In less than a decade, Christopher Nolan has evolved from indie darling to Hollywood’s most bankable director. After the non-stop action of The Dark Knight and the star power of The Prestige, it is easy to forget that his breakout film was the quirky, confusing and low-budget Memento from 2000.

In that film a complicated plot and an even more complicated time line is reverse-engineered with guidance from homemade tattoos. Memento was that rare type of film where you anticipate gaping holes in the plot but everything is ultimately tied together in the end. Nolan perfected the narrative model taught at every film school in the world: be as weird as possible to get people’s attention, but don’t forget the inherent value of a well-told story.

Nolan’s two passes at the reinvented Batman franchise stuck to more straightforward  narrative patterns – introduce a bad guy, introduce a good guy and let them do battle. While both films were commercially and critically well-received, you couldn’t help but wonder: What would the world of Batman look like if Nolan was given the freedom to make a film as intellectually complex as Memento but had far more star power than Guy Pearce?

Enter Inception, a phenomenally complex story with  bankable stars set against the backdrop of the human brain’s capacity to create and control memories. We begin with Dom Cobb, a merchant of mind control played by Leonardo DiCaprio, as he seeks to win over a potential client for his services.

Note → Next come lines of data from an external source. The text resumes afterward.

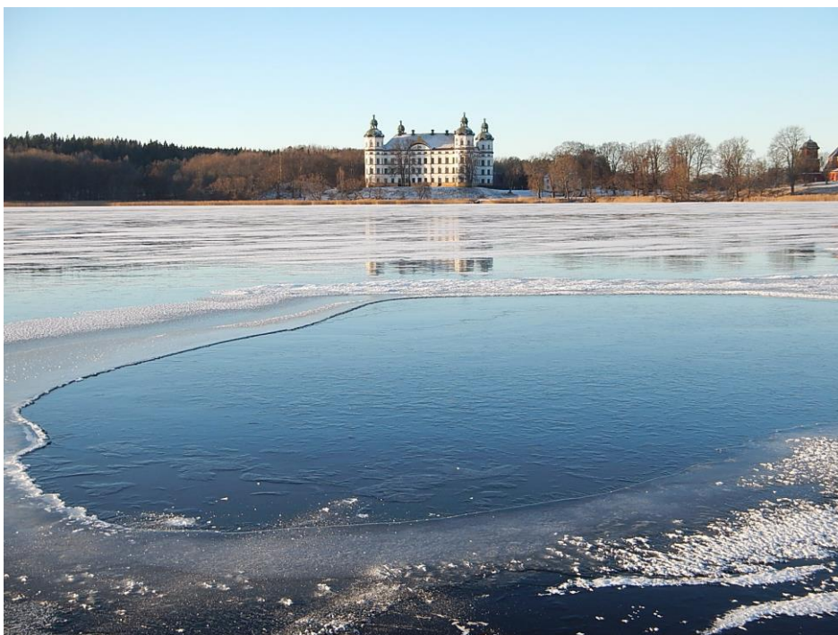
Lördag 27/12 2014. De 12 från FF Knivsta passerade före detta slottspolen tillhörande Skokloster.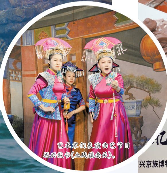
艺术家们表演曲艺节目 坭兴独书《血战镇南关》。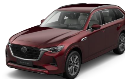
51F Artisan Red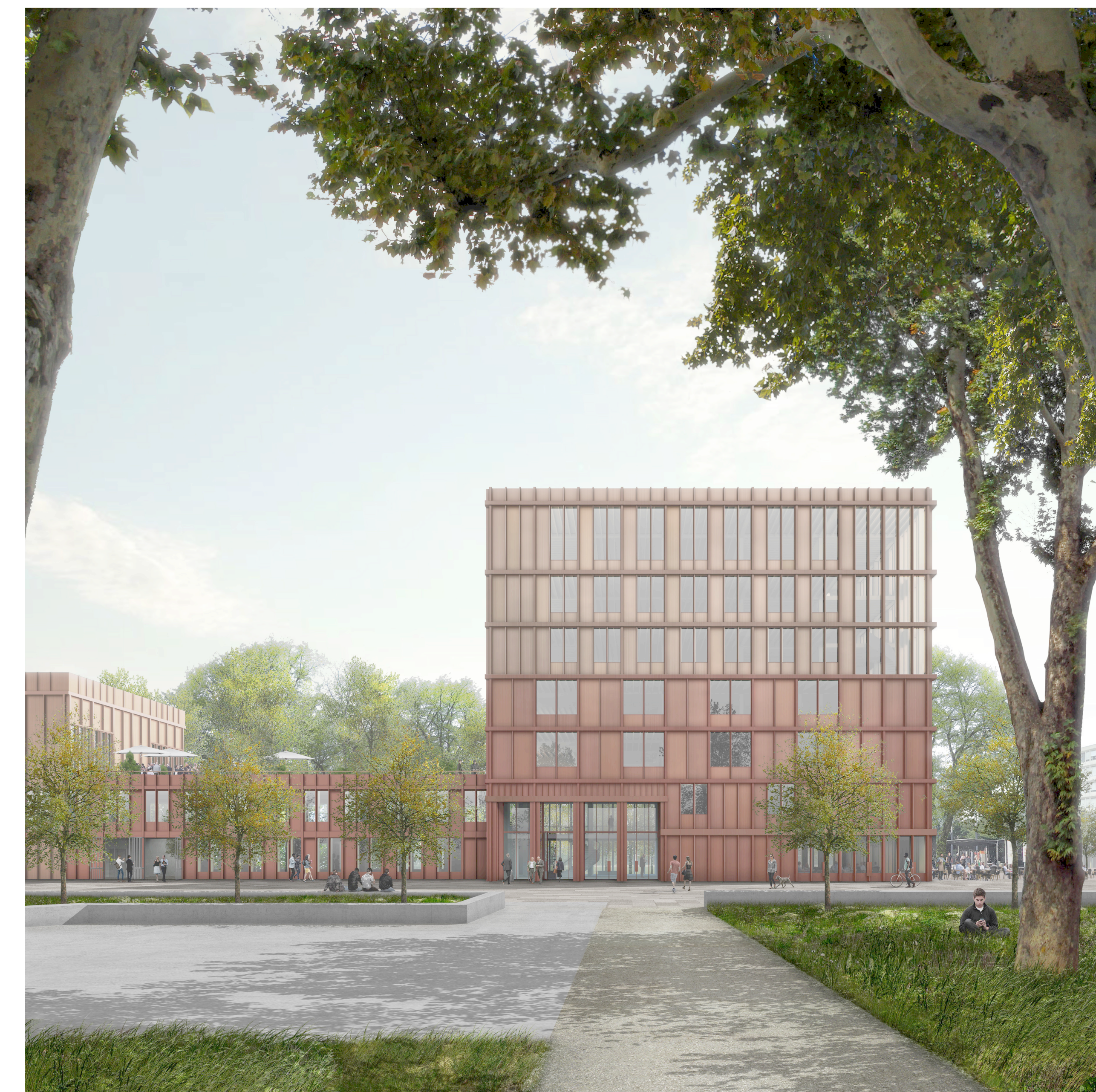
L'arrivée à la mairie depuis le parc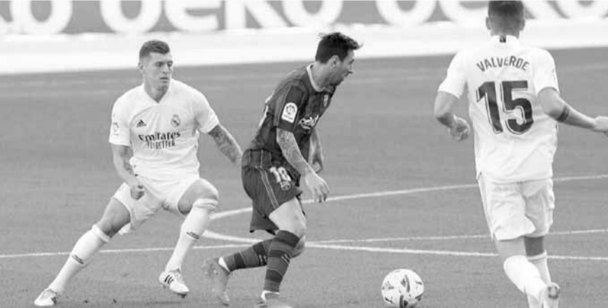
تجم برشلونة ليونيل ميسي بين لاعبي ريال مدريد توني كروس وفيدريكو فالغيريدي

للقطة ١٢، بينما استقر فرانكفورت في المركز السادس برصيد ٨ نقاط.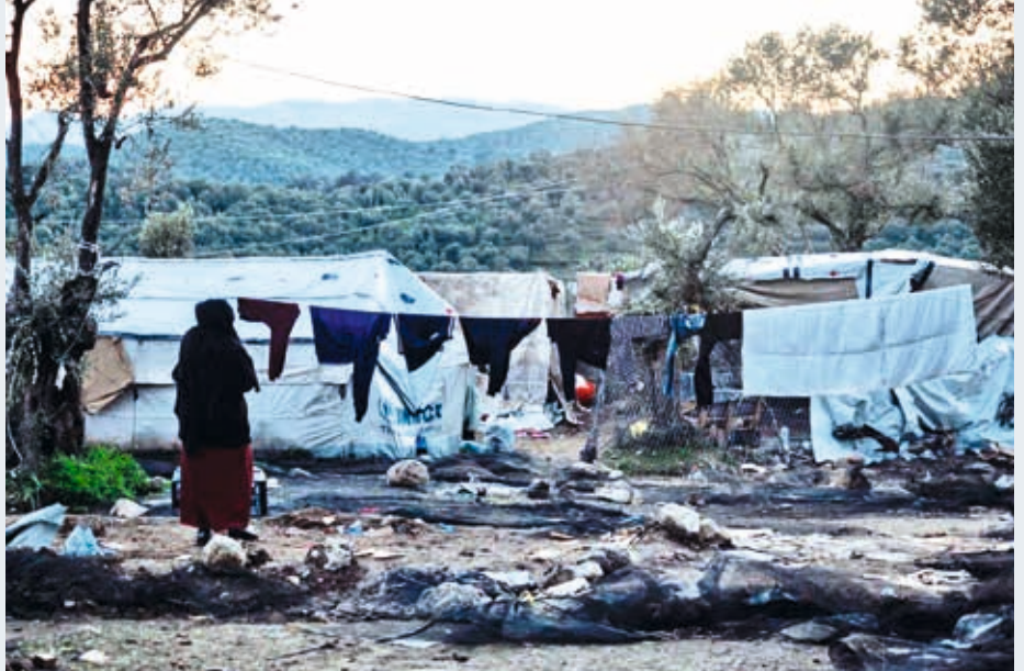
MORIA LEIREN: Forholdene på øyene er ekstremt krevende, særlig for kvinner og barn.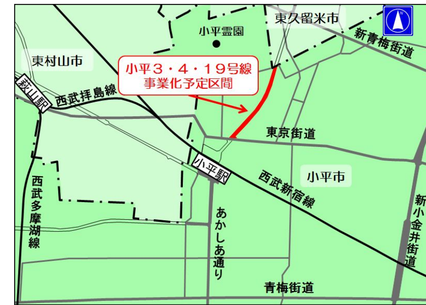
【 位置図 】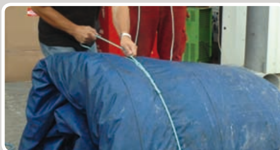
Reb strammes til.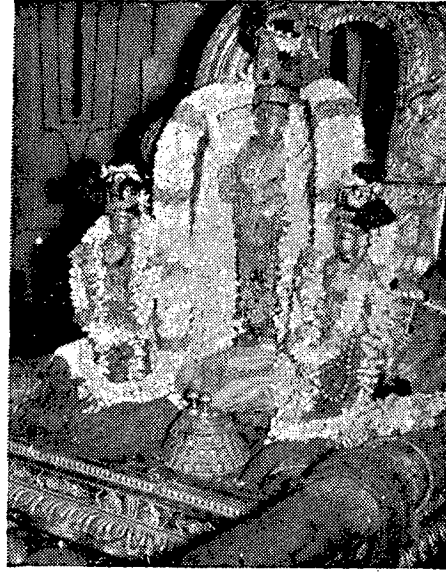
ஸ்ரீ காஞ்சீ தேவப்பெருமாள்.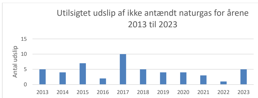
Figur 2, antal utilsigtede udslip af gas, hvis udledte masse er større end eller lig med 1 kg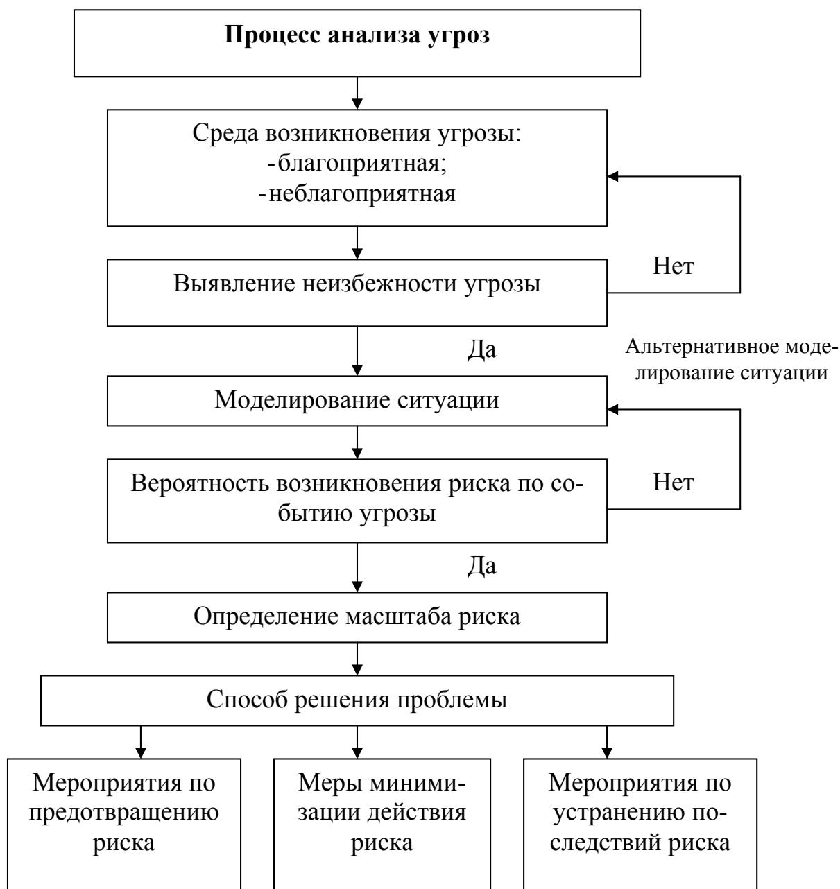
Рис. 3. Процесс анализа угроз

Процесс анализа угроз экономической устойчивости предприятий необходимо начинать с исследования среды возникновения угроз. Благоприятные условия способствуют возникновению событий, то есть совокупности факторов определяющих неизбежность угрозы. Неблагоприятные условия могут исключить возникновение событий, следовательно, нейтрализовать угрозу. Таким образом, возникает необходимость ожидания благоприятных условий для возникновения угрозы, не исключено искусственное создание благоприятных условий возникновения угрозы при ее положительных последствиях для организации. Далее необходимо выявить неизбежность угрозы. Если угроза неизбежна, моделируем ситуацию угрозы и определяем вероятность возникновения риска по событию угрозы. С угрозой связана возможность не только потери, но и выгоды, которая должна приниматься во внимание предприятием, принимающим решение. Если вероятность возникновения риска не выявлена необходимо альтернативное моделирование ситуации.

Awarded the assignment of a lifetime, he sets out to assemble a team of  experts (including child-star-done-right Joseph Gordon-Levitt and everyone’s favorite pregnant teenager Ellen Page) charged with constructing a world inside the mind of Robert Fischer, the heir to a global energy conglomerate played by Cillian Murphy, doing his best work since ‘28 Days Later.’

Here's where things start to get really complicated: across layers and layers of the mind and deeper and deeper states of unconsciousness, our ‘heroes’ begin an epic battle for control of the mind. Absurdity reins supreme. The gunshots are real but lack immediate consequences. Time lines are constantly manipulated but ultimately there is a race against the clock. People can simultaneously live and thrive in various states and places in various medical and mental conditions all at the same time.

In short, there is a lot of information to keep track of in Nolan's invented world. The initial reaction of most, if not all, viewers will be to stop and try to figure out the route that brought them to this point. Every thinking man and woman viewer will make an effort to halt the conflicting messages and stop the war in their own mind.

Take my advice: surrender to Inception and allow Nolan to take you on this guided tour his mind – I can offer a guarantee that the seamless script will bring you home safely.